To fully achieve the validation of the effectiveness of the introduced symmetric encoder–decoder framework with IGSM, we compare it with five popular segmentation models: U-Net, DeepLabV2, PSPNet, DABNet, and HRNet. The models were chosen to cover a range of architectural philosophies, as well as reflect major progress in medical and general image segmentation:
- U-Net: An iconic, massively used baseline in semantic medical image segmentation, which is characterized by an encoder–decoder format with skip connections.

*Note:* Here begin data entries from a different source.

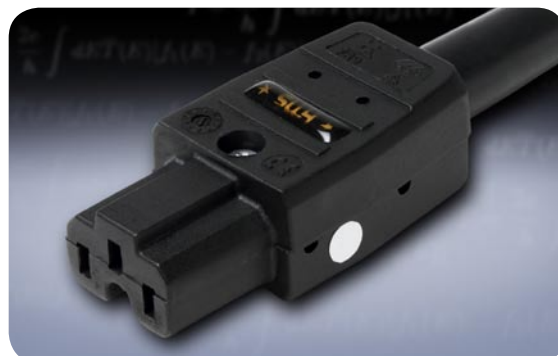
Damit die Komponenten für höchste Wiedergabequalität gerüstet sind, müssen sie an Phase liegend betrieben werden. Hier hilft die Kennzeichnung des Gran Finale SL

Nehmen wir vorweg, dass es bei keinem Versuch Zuordnungsfehler gab. Zu deutlich war die zugunsten des Gran Finale SL produzierte musikalische Differenz: Gefühlvolles Saxofonspiel gewann an Ausdrucksstärke. Was mit der Standardleitung als plattes Klappengeräusch zumindest wahrnehmbar war, hört sich bei Verwendung des HMS sehr viel eher nach Original an. Gesang bekommt mehr Volumen. So hört sich Rebecca Pidgeon einmal nach schönem, aber dünnem Stimmchen an und in anderem Fall extrem ausdrucksstark, ja, bei
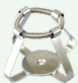
Clips per beute 100 ml Codice 22006473
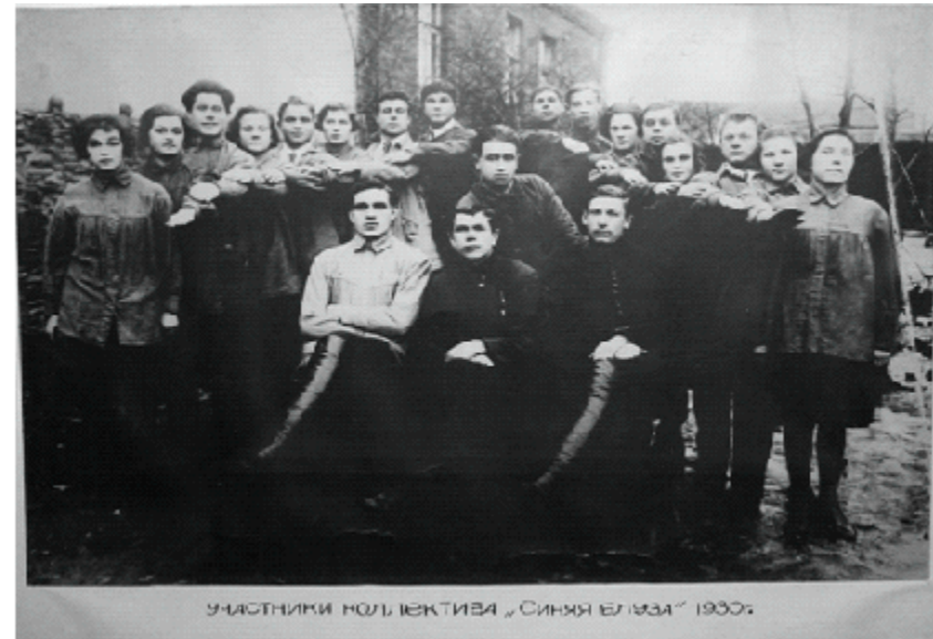
Учасники колективу «Синя блуза» 1930.
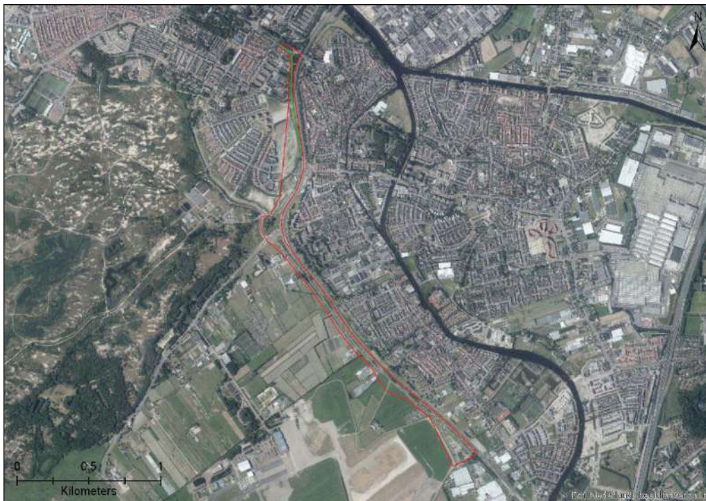
Figuur 4-3. Locatie van potentiële vliegroute (groene lijn) ten opzichte van het plangebied (rode lijn).

Conclusie: Binnen het onderzoeksgebied zijn waarnemingen bekend van meerdere soorten vleermuizen. Het overtreden van verbodsbepalingen uit de Wnb ten aanzien van vleermuizen kan daarom niet op voorhand worden uitgesloten.
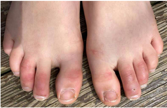
Figura 1 Dedos de Covid en un niño.

a La prevalencia ha sido inferida principalmente de las revisiones sistemáticas recientemente realizadas por Lee et al. 8 , Perna et al. 18 y Zhao et al. 23 .
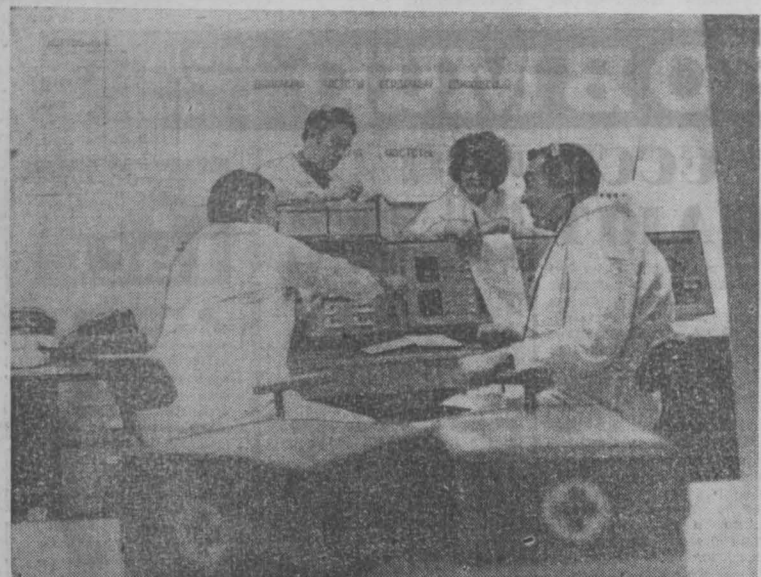
«Глобус»: заметки туриста
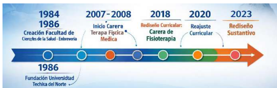
Figura 1 Línea de tiempo
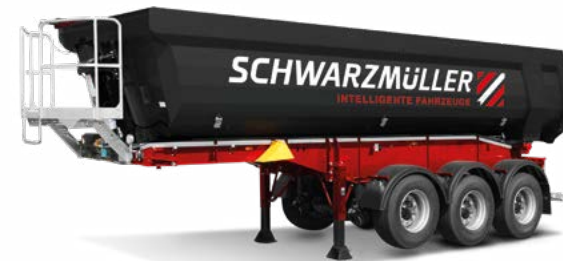
Kippfahrzeuge Bauwirtschaft, Landwirtschaft, Entsorgung
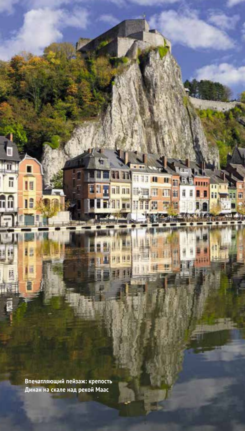
Впечатляющий пейзаж: крепость Динан на скале над рекой Маас
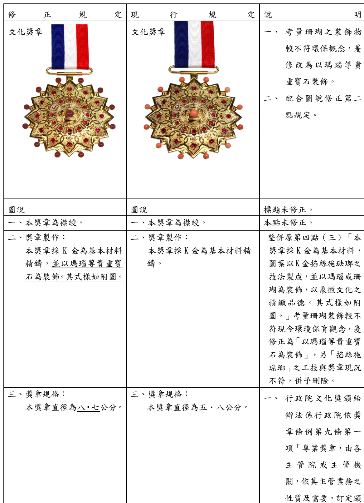
行政院文化獎頒給辦法第二條附表一修正草案對照表
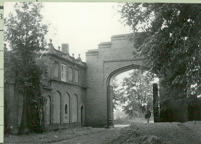
35. Uwagi różne
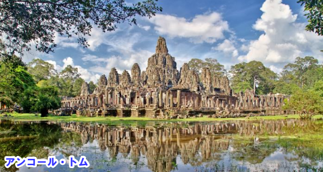
アンコール・トム
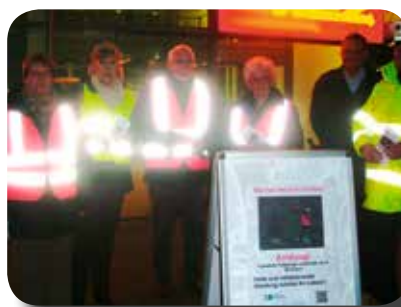
Leuchtend gute Beispiele!

Mit vielen Portanern wurden intensive Gespräche über die mangelnde

It is added in order to create an underlying bonus reference.
- DeepLabV2 Ref. [26]: Represents the family of models that applies to the multi-scale context aggregation option without significant drops in resolution. It compares the ability of our model with the methods that are oriented towards contextual feature extraction.
- PSPNet: Adds two types of pooling modules, so-called pyramid pooling, to narrow down the context on the global and local levels. It forms a reference point to models that place superior emphasis on the integration of contextual prior in multi-regions, with an important role to objects of different scales.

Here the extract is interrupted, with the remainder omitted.